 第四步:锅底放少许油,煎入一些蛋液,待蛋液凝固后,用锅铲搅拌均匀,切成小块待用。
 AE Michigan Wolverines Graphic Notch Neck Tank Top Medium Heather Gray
===
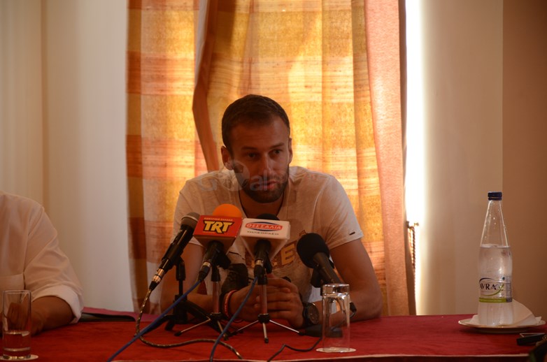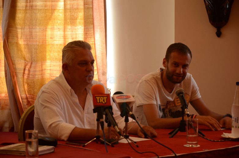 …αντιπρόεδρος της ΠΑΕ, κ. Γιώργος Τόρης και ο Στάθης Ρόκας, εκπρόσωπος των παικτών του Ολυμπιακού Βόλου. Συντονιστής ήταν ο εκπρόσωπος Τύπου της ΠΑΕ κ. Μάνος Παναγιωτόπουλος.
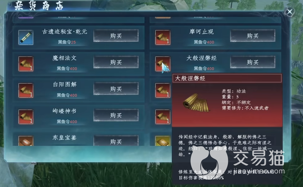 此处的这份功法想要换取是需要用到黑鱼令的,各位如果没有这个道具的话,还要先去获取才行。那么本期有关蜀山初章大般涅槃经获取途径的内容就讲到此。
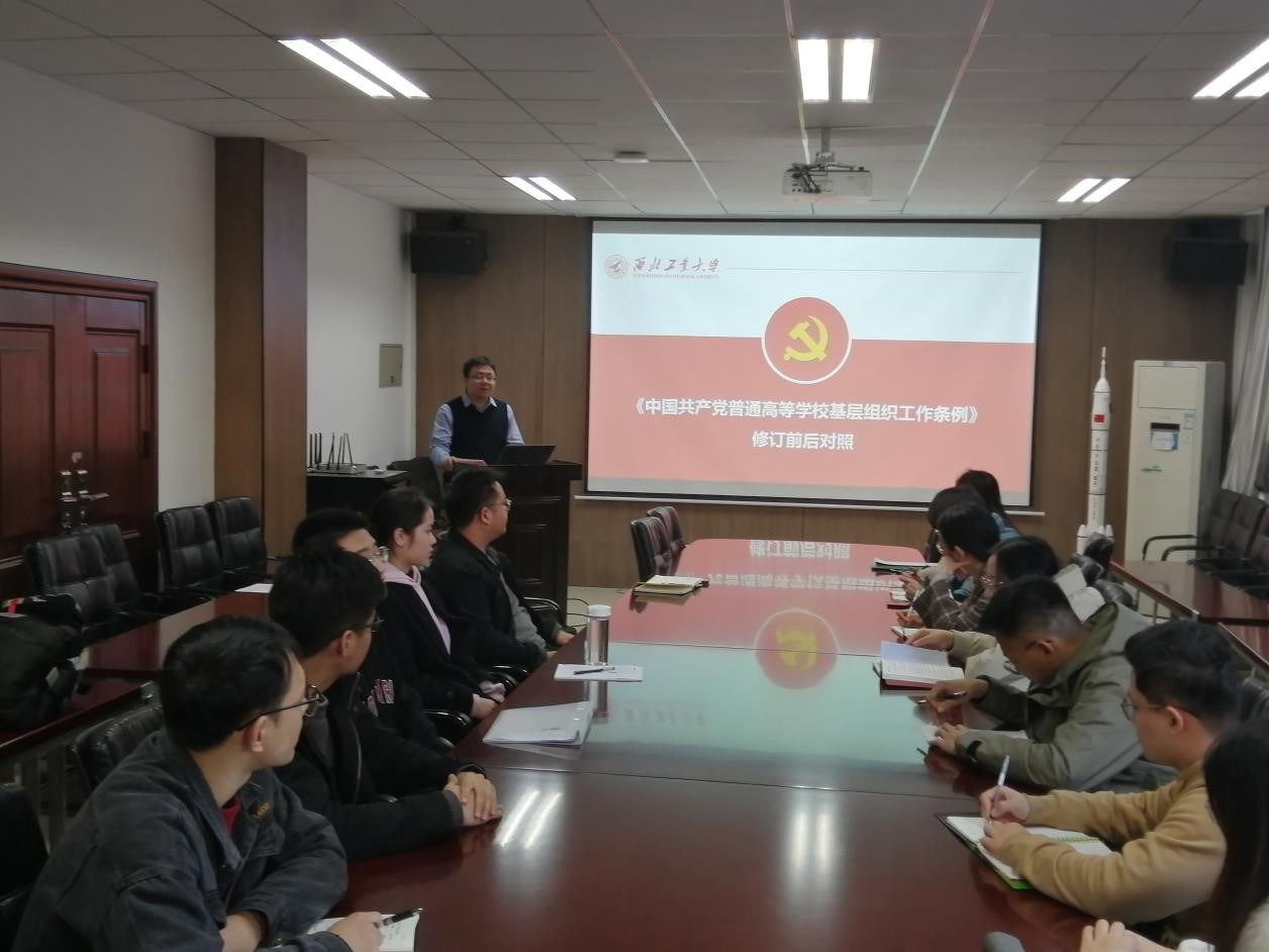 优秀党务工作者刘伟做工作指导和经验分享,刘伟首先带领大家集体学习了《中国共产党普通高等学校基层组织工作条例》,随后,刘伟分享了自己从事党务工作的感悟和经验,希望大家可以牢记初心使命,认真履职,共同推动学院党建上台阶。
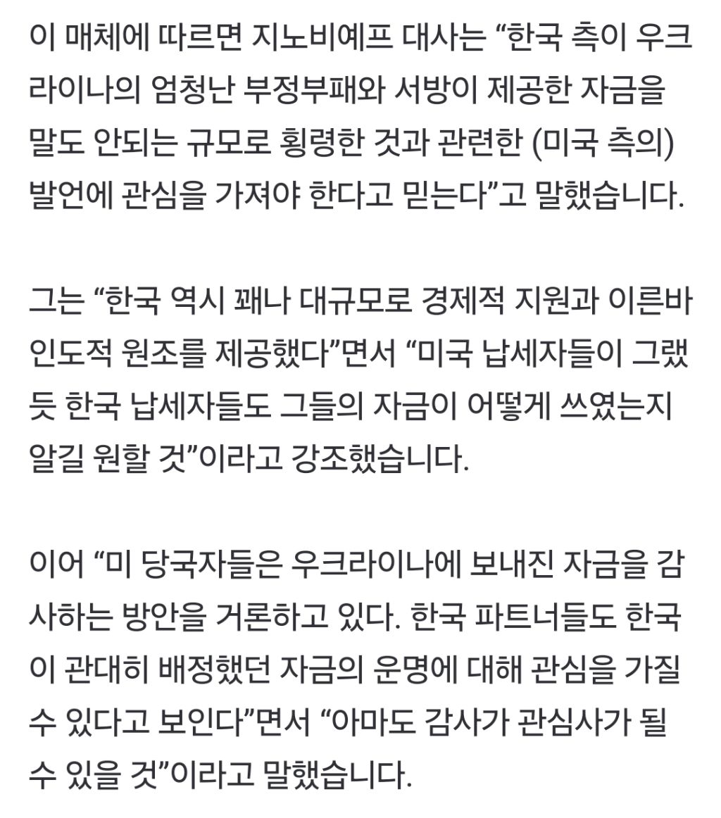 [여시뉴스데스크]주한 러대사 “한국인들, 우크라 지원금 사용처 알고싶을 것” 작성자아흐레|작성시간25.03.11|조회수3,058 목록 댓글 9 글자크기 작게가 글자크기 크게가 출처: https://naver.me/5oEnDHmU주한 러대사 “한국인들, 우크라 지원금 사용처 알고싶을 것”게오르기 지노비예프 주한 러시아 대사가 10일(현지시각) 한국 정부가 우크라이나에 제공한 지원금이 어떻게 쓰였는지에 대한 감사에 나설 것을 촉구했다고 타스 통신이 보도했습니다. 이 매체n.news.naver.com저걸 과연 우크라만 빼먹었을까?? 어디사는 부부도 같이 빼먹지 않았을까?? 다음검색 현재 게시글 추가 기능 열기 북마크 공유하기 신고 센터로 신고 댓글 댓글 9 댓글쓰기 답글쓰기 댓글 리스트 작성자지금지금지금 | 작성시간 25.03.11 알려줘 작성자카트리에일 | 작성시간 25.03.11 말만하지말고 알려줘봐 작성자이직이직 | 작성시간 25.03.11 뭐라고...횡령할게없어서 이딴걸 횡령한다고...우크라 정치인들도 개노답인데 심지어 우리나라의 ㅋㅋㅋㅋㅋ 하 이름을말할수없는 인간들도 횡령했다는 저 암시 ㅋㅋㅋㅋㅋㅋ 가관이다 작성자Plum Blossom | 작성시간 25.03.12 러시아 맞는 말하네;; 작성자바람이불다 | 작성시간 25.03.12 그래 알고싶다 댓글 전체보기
===
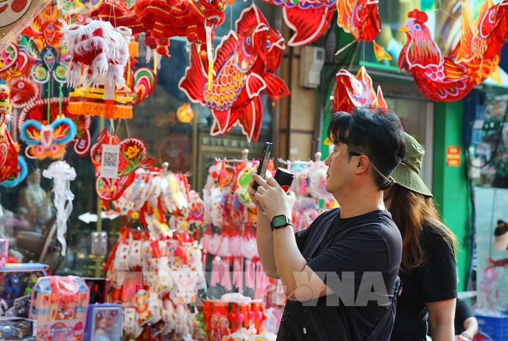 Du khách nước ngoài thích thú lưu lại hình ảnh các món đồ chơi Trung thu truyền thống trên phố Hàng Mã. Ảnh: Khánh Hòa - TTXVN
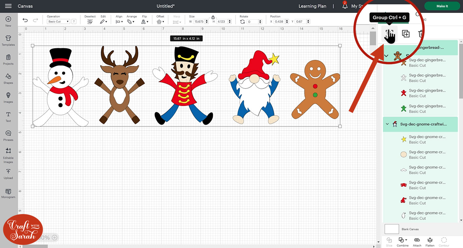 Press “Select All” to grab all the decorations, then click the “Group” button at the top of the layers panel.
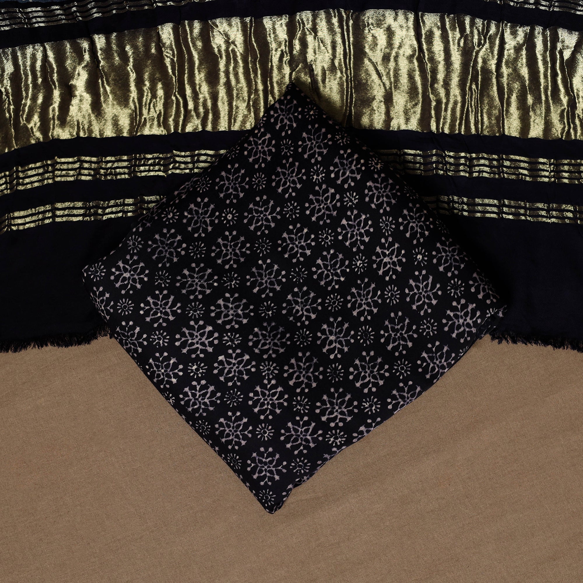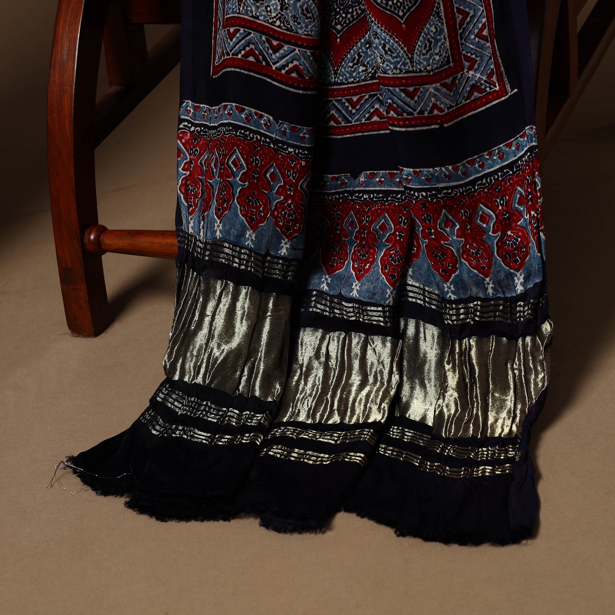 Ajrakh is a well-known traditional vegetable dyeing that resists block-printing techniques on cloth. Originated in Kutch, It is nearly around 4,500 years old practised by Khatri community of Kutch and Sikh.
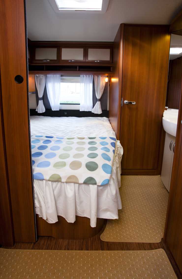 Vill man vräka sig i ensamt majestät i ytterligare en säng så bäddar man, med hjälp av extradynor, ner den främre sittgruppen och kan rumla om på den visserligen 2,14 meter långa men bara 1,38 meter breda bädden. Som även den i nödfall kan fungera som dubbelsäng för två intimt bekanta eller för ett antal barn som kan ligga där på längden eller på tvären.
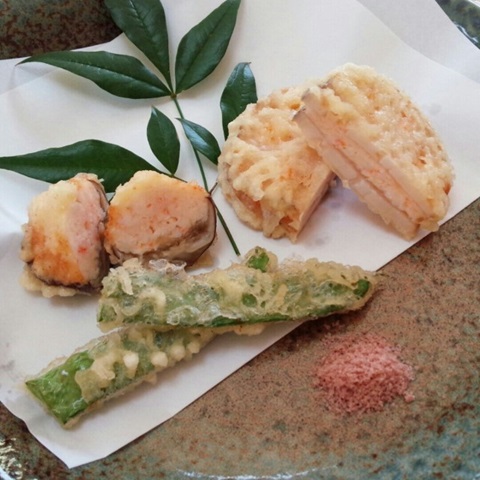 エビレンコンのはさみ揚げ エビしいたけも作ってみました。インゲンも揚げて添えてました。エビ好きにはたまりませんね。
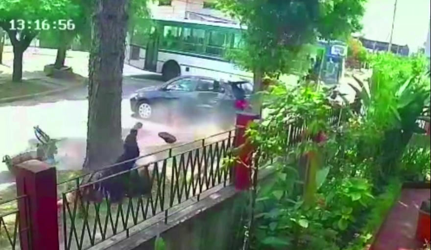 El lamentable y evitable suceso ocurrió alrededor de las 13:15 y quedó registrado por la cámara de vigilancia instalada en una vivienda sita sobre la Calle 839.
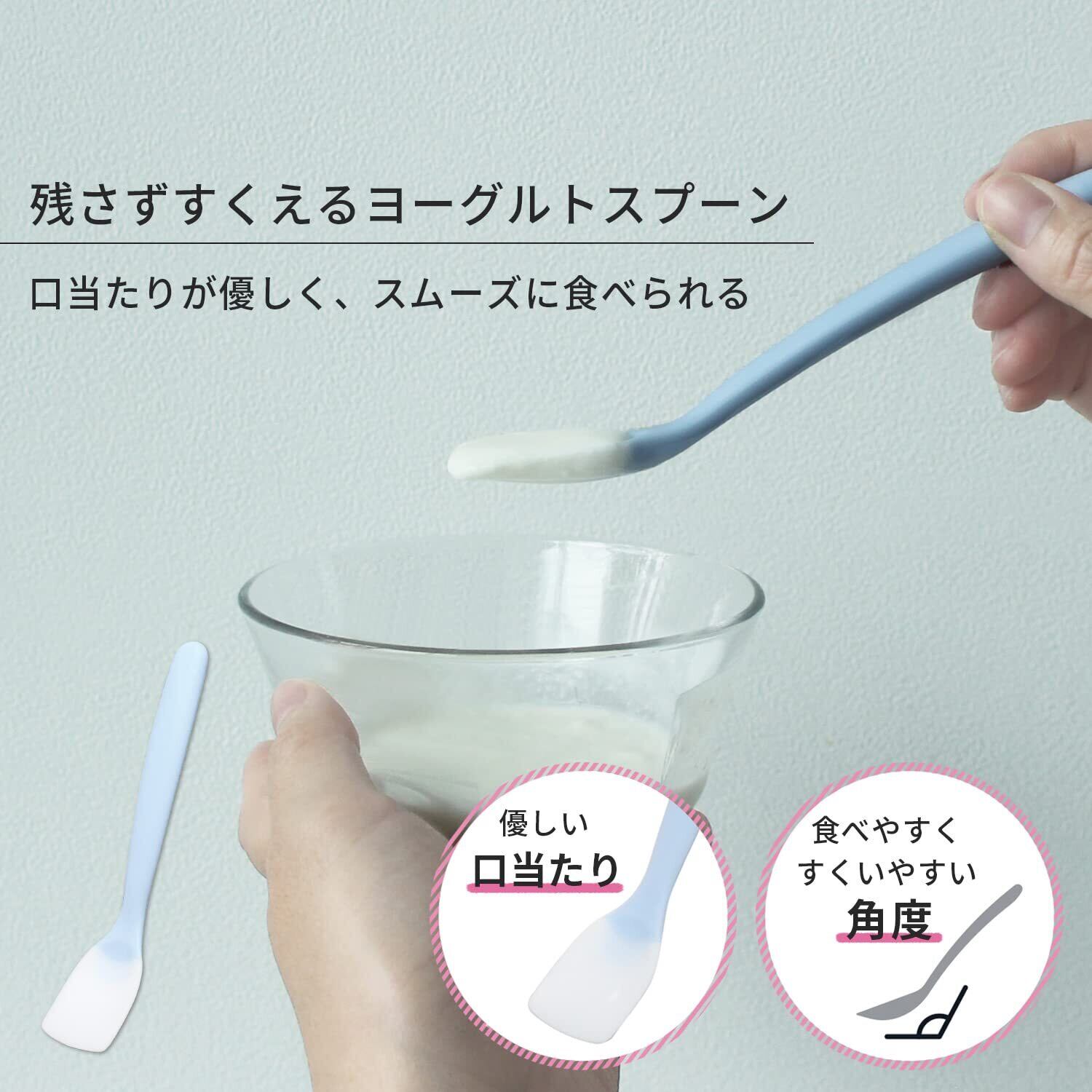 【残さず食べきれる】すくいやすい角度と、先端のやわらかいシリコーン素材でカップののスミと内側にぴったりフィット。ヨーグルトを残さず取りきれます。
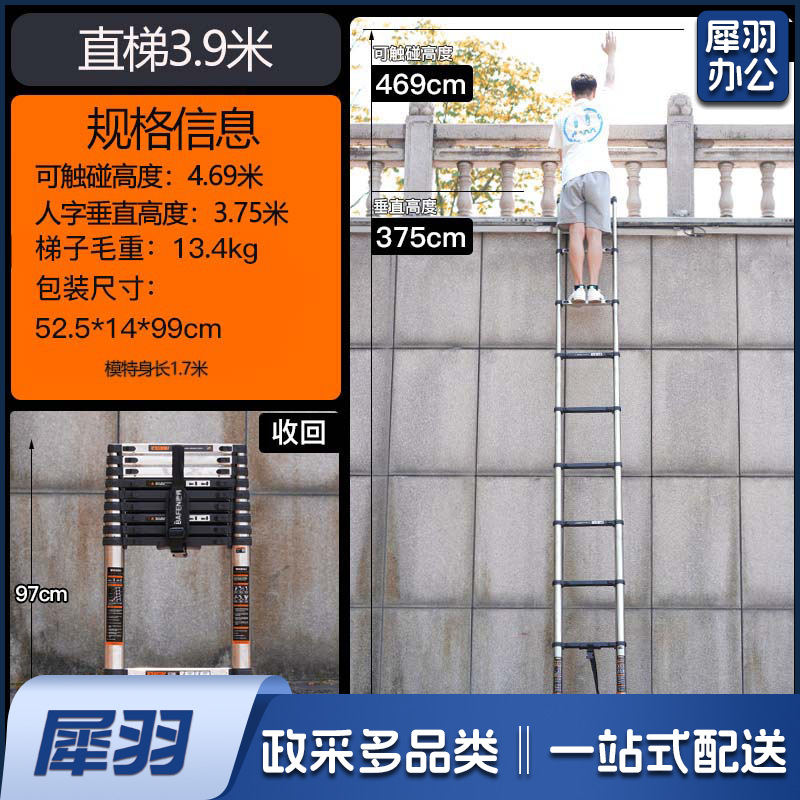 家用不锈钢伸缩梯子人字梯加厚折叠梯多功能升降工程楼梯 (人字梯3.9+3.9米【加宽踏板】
===
- AIM OF THE EXERCISE
Above are the records. Copy only the lines from the one with "the layers panel." through the one with "Ajrakh is a", exactly, with no pictures.

- EXERCISE SOLUTION
 Press “Select All” to grab all the decorations, then click the “Group” button at the top of the layers panel.
 Ajrakh is a well-known traditional vegetable dyeing that resists block-printing techniques on cloth. Originated in Kutch, It is nearly around 4,500 years old practised by Khatri community of Kutch and Sikh.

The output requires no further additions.